Problem to work on: The material below must be restated exactly, line by line.

┏━━

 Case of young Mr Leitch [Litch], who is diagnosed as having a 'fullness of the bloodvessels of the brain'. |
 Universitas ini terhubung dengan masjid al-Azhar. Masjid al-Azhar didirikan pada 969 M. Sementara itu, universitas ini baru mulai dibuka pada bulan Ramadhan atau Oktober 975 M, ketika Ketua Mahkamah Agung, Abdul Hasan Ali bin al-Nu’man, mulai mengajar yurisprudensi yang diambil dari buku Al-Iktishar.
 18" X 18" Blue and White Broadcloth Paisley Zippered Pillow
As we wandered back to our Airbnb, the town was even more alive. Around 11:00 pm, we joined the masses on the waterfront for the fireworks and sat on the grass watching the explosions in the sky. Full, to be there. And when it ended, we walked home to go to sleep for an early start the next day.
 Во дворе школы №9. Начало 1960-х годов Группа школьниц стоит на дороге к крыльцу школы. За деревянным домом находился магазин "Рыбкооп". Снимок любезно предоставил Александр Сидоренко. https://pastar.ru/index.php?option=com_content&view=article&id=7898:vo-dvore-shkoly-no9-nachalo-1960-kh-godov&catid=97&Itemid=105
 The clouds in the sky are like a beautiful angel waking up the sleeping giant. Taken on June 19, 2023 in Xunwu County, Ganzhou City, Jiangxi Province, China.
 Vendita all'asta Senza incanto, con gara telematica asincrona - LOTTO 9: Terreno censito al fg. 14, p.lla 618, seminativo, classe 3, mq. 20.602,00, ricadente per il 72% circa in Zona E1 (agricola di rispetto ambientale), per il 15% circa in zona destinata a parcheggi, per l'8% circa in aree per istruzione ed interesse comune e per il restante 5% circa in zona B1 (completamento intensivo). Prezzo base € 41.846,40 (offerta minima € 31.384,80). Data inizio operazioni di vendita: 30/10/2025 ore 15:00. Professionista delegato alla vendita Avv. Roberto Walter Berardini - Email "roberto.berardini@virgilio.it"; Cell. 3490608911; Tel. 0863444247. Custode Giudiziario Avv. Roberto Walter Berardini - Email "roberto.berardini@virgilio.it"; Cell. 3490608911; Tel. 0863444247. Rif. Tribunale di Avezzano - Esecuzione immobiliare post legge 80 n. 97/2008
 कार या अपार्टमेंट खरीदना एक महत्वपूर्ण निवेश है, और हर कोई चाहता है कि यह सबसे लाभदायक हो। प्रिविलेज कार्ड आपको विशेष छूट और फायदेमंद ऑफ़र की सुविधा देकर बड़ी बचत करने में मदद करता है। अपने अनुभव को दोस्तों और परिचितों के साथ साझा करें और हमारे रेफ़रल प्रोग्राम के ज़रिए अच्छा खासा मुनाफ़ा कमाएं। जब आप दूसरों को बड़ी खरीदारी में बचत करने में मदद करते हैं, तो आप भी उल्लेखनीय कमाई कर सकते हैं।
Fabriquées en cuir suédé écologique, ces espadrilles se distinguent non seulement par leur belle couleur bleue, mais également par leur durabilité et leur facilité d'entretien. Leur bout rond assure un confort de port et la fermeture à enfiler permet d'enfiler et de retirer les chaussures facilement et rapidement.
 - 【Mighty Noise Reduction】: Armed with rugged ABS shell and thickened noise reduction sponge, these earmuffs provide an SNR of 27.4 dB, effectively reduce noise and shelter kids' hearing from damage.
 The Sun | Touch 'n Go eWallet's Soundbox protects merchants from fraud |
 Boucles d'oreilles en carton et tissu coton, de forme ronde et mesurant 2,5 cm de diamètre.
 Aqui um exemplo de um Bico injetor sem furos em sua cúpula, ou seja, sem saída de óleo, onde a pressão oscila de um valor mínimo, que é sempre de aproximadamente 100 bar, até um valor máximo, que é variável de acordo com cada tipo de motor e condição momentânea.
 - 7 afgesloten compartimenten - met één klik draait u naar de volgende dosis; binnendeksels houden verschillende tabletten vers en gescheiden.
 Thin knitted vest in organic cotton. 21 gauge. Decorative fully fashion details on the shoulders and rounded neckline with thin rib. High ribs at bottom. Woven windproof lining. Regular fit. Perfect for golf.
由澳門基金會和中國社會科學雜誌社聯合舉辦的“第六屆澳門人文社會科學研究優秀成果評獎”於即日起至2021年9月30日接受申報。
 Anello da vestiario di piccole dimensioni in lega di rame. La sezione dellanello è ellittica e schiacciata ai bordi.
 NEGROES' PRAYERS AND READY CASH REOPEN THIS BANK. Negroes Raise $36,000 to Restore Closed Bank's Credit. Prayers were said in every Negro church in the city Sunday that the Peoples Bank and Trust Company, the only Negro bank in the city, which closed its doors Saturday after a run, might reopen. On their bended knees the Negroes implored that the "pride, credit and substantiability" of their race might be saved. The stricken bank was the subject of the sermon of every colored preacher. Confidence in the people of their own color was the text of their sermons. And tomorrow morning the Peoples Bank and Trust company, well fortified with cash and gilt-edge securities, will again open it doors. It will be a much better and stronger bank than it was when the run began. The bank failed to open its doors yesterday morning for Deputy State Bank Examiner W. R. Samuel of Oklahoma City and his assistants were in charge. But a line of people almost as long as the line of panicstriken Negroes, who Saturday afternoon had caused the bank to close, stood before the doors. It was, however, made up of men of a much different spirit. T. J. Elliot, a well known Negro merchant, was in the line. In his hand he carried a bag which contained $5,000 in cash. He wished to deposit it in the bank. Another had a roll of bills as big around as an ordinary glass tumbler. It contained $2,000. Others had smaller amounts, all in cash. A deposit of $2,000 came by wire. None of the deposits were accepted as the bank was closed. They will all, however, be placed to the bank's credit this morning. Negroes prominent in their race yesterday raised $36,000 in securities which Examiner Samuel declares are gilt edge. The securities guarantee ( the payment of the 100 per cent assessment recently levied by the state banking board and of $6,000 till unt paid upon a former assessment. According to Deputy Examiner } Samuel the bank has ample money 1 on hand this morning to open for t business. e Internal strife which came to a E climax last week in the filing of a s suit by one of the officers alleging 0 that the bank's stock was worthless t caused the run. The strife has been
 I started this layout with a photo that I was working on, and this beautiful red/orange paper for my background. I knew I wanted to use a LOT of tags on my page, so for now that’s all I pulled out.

┗━━

Exercise response:
 Case of young Mr Leitch [Litch], who is diagnosed as having a 'fullness of the bloodvessels of the brain'. |
 Universitas ini terhubung dengan masjid al-Azhar. Masjid al-Azhar didirikan pada 969 M. Sementara itu, universitas ini baru mulai dibuka pada bulan Ramadhan atau Oktober 975 M, ketika Ketua Mahkamah Agung, Abdul Hasan Ali bin al-Nu’man, mulai mengajar yurisprudensi yang diambil dari buku Al-Iktishar.
 18" X 18" Blue and White Broadcloth Paisley Zippered Pillow
As we wandered back to our Airbnb, the town was even more alive. Around 11:00 pm, we joined the masses on the waterfront for the fireworks and sat on the grass watching the explosions in the sky. Full, to be there. And when it ended, we walked home to go to sleep for an early start the next day.
 Во дворе школы №9. Начало 1960-х годов Группа школьниц стоит на дороге к крыльцу школы. За деревянным домом находился магазин "Рыбкооп". Снимок любезно предоставил Александр Сидоренко. https://pastar.ru/index.php?option=com_content&view=article&id=7898:vo-dvore-shkoly-no9-nachalo-1960-kh-godov&catid=97&Itemid=105
 The clouds in the sky are like a beautiful angel waking up the sleeping giant. Taken on June 19, 2023 in Xunwu County, Ganzhou City, Jiangxi Province, China.
 Vendita all'asta Senza incanto, con gara telematica asincrona - LOTTO 9: Terreno censito al fg. 14, p.lla 618, seminativo, classe 3, mq. 20.602,00, ricadente per il 72% circa in Zona E1 (agricola di rispetto ambientale), per il 15% circa in zona destinata a parcheggi, per l'8% circa in aree per istruzione ed interesse comune e per il restante 5% circa in zona B1 (completamento intensivo). Prezzo base € 41.846,40 (offerta minima € 31.384,80). Data inizio operazioni di vendita: 30/10/2025 ore 15:00. Professionista delegato alla vendita Avv. Roberto Walter Berardini - Email "roberto.berardini@virgilio.it"; Cell. 3490608911; Tel. 0863444247. Custode Giudiziario Avv. Roberto Walter Berardini - Email "roberto.berardini@virgilio.it"; Cell. 3490608911; Tel. 0863444247. Rif. Tribunale di Avezzano - Esecuzione immobiliare post legge 80 n. 97/2008
 कार या अपार्टमेंट खरीदना एक महत्वपूर्ण निवेश है, और हर कोई चाहता है कि यह सबसे लाभदायक हो। प्रिविलेज कार्ड आपको विशेष छूट और फायदेमंद ऑफ़र की सुविधा देकर बड़ी बचत करने में मदद करता है। अपने अनुभव को दोस्तों और परिचितों के साथ साझा करें और हमारे रेफ़रल प्रोग्राम के ज़रिए अच्छा खासा मुनाफ़ा कमाएं। जब आप दूसरों को बड़ी खरीदारी में बचत करने में मदद करते हैं, तो आप भी उल्लेखनीय कमाई कर सकते हैं।
Fabriquées en cuir suédé écologique, ces espadrilles se distinguent non seulement par leur belle couleur bleue, mais également par leur durabilité et leur facilité d'entretien. Leur bout rond assure un confort de port et la fermeture à enfiler permet d'enfiler et de retirer les chaussures facilement et rapidement.
 - 【Mighty Noise Reduction】: Armed with rugged ABS shell and thickened noise reduction sponge, these earmuffs provide an SNR of 27.4 dB, effectively reduce noise and shelter kids' hearing from damage.
 The Sun | Touch 'n Go eWallet's Soundbox protects merchants from fraud |
 Boucles d'oreilles en carton et tissu coton, de forme ronde et mesurant 2,5 cm de diamètre.
 Aqui um exemplo de um Bico injetor sem furos em sua cúpula, ou seja, sem saída de óleo, onde a pressão oscila de um valor mínimo, que é sempre de aproximadamente 100 bar, até um valor máximo, que é variável de acordo com cada tipo de motor e condição momentânea.
 - 7 afgesloten compartimenten - met één klik draait u naar de volgende dosis; binnendeksels houden verschillende tabletten vers en gescheiden.
 Thin knitted vest in organic cotton. 21 gauge. Decorative fully fashion details on the shoulders and rounded neckline with thin rib. High ribs at bottom. Woven windproof lining. Regular fit. Perfect for golf.
由澳門基金會和中國社會科學雜誌社聯合舉辦的“第六屆澳門人文社會科學研究優秀成果評獎”於即日起至2021年9月30日接受申報。
 Anello da vestiario di piccole dimensioni in lega di rame. La sezione dellanello è ellittica e schiacciata ai bordi.
 NEGROES' PRAYERS AND READY CASH REOPEN THIS BANK. Negroes Raise $36,000 to Restore Closed Bank's Credit. Prayers were said in every Negro church in the city Sunday that the Peoples Bank and Trust Company, the only Negro bank in the city, which closed its doors Saturday after a run, might reopen. On their bended knees the Negroes implored that the "pride, credit and substantiability" of their race might be saved. The stricken bank was the subject of the sermon of every colored preacher. Confidence in the people of their own color was the text of their sermons. And tomorrow morning the Peoples Bank and Trust company, well fortified with cash and gilt-edge securities, will again open it doors. It will be a much better and stronger bank than it was when the run began. The bank failed to open its doors yesterday morning for Deputy State Bank Examiner W. R. Samuel of Oklahoma City and his assistants were in charge. But a line of people almost as long as the line of panicstriken Negroes, who Saturday afternoon had caused the bank to close, stood before the doors. It was, however, made up of men of a much different spirit. T. J. Elliot, a well known Negro merchant, was in the line. In his hand he carried a bag which contained $5,000 in cash. He wished to deposit it in the bank. Another had a roll of bills as big around as an ordinary glass tumbler. It contained $2,000. Others had smaller amounts, all in cash. A deposit of $2,000 came by wire. None of the deposits were accepted as the bank was closed. They will all, however, be placed to the bank's credit this morning. Negroes prominent in their race yesterday raised $36,000 in securities which Examiner Samuel declares are gilt edge. The securities guarantee ( the payment of the 100 per cent assessment recently levied by the state banking board and of $6,000 till unt paid upon a former assessment. According to Deputy Examiner } Samuel the bank has ample money 1 on hand this morning to open for t business. e Internal strife which came to a E climax last week in the filing of a s suit by one of the officers alleging 0 that the bank's stock was worthless t caused the run. The strife has been
 I started this layout with a photo that I was working on, and this beautiful red/orange paper for my background. I knew I wanted to use a LOT of tags on my page, so for now that’s all I pulled out.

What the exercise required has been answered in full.